Horace produced a map which he unfolded and placed on the verandah at their feet. He had sketched the map from information he was able to glean from various experienced bushmen and after consultation with government surveyors. Regretfully it had little information apart from major landmarks as the rugged and often near impenetrable country in the far north of Queensland had not been explored. ‘This should help you work out how you will go after Captain Mort.’ He pointed with his unlit cigar at the map between them. Michael stared down with his one good eye. Distances were vague, as were actual locations. ‘From my calculations,’ Horace said, still stabbing with his cigar, ‘Mort is probably going to use this track to escort the girl to the Tiger Tong stockade on the Palmer. The track is not often used now I’ve been told, and my guess is that he will be about here . . . ’ he said, tapping the end of the cigar on the sketch at a point on one of the tracks. ‘From what I know Mort and his party are on foot.’

Michael stared at the sketch and estimated time and space calculations with the eye of a military man while Horace continued his briefing. ‘Soo Yin has volunteered some of his men if you need them.

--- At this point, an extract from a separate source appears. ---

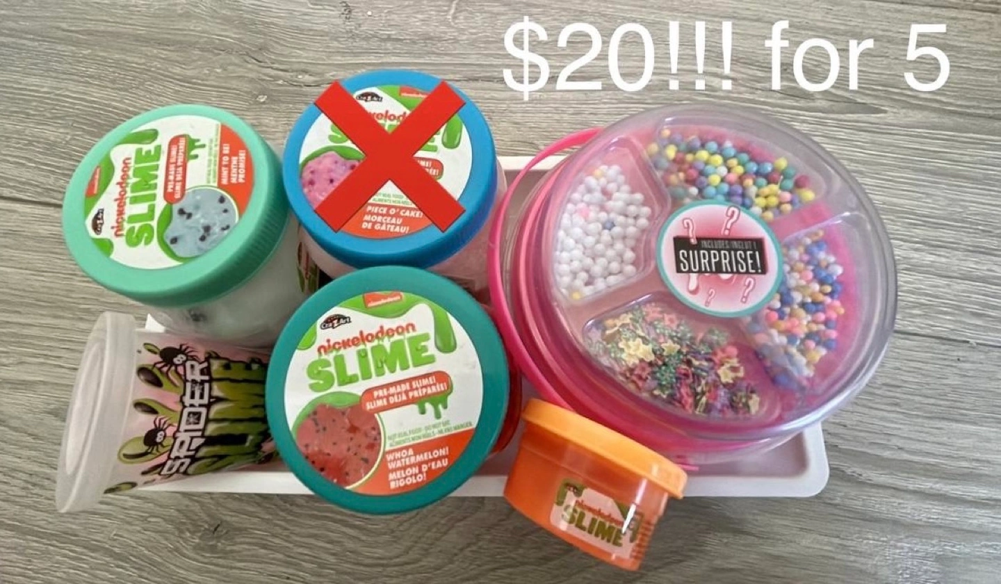 - Nickelodeon "Whoa Watermelon" slime, watermelon-scented (7.5 oz/212g), "water-slime-like". ($5 individually)
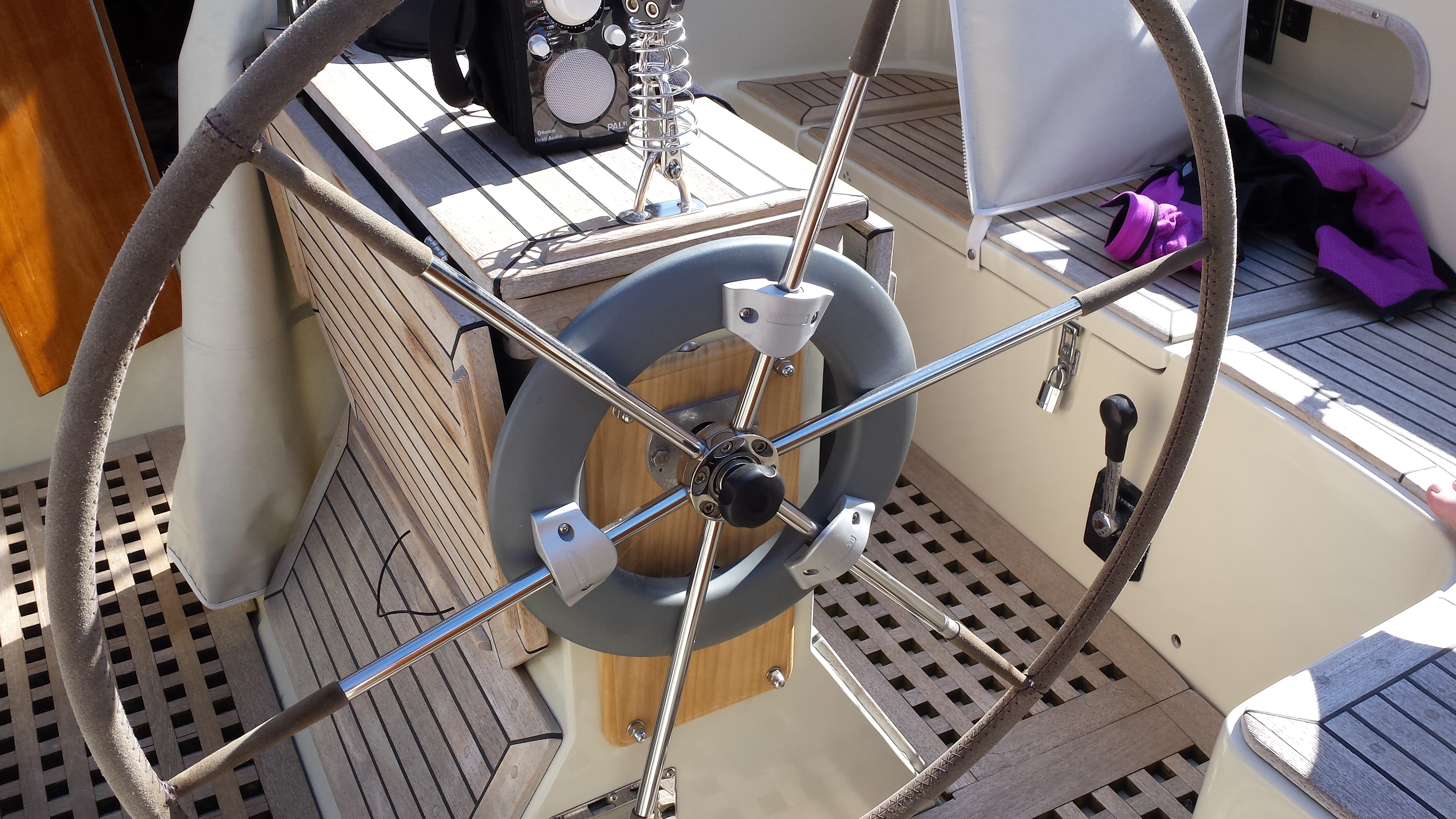 Förberedelserna för sommarens långsegling har varit många och långa under de senaste månaderna. Flera helgseglingar har fått ge vika för bryggsegling med tillhörande uppgraderingar, motorunderhåll och kabeldragning. Bland alla småfixar återfinns den nya rattplattan. När jag bytte styrning för en väldans massa år sedan sågade jag som hastigast till en plywood-skiva med kantlister för att få lite stadga i rattinfästningen. Plasten där ratten sitter fast i bordet är rätt så illa åtgången och har spruckit på flera ställen. Inte så att det är någon fara med hållfastheten men tillräckligt för att ratten inte kändes helt stabil i alla lägen. Med en träplatta som täcker större delen av bordsgaveln blir stabiliteten dock total och känslan i ratten och styrningen känns väldigt trygg. Den gamla träplattan var aldrig tänkt som en permanent lösning och nu sitter där istället en massiv teakskiva som dessutom är lite finare fräst i kanterna. Fårladuga.

In fact, he insists you take them with you.’

Michael frowned. He had planned going after Mort on horseback. As far as he knew not many Chinese knew how to ride. If on foot, they would never catch Mort, who had a lead on them. ‘Tell Soo Yin thank you. But the four of us will do the job.’

‘Four?’

‘I’m taking Luke Tracy with me. He’s a bushman I trust.’

Horace slumped back into his chair with a sigh. ‘I think you are being over ambitious. I think you will need more than four. You don’t know the numbers you might come up against.’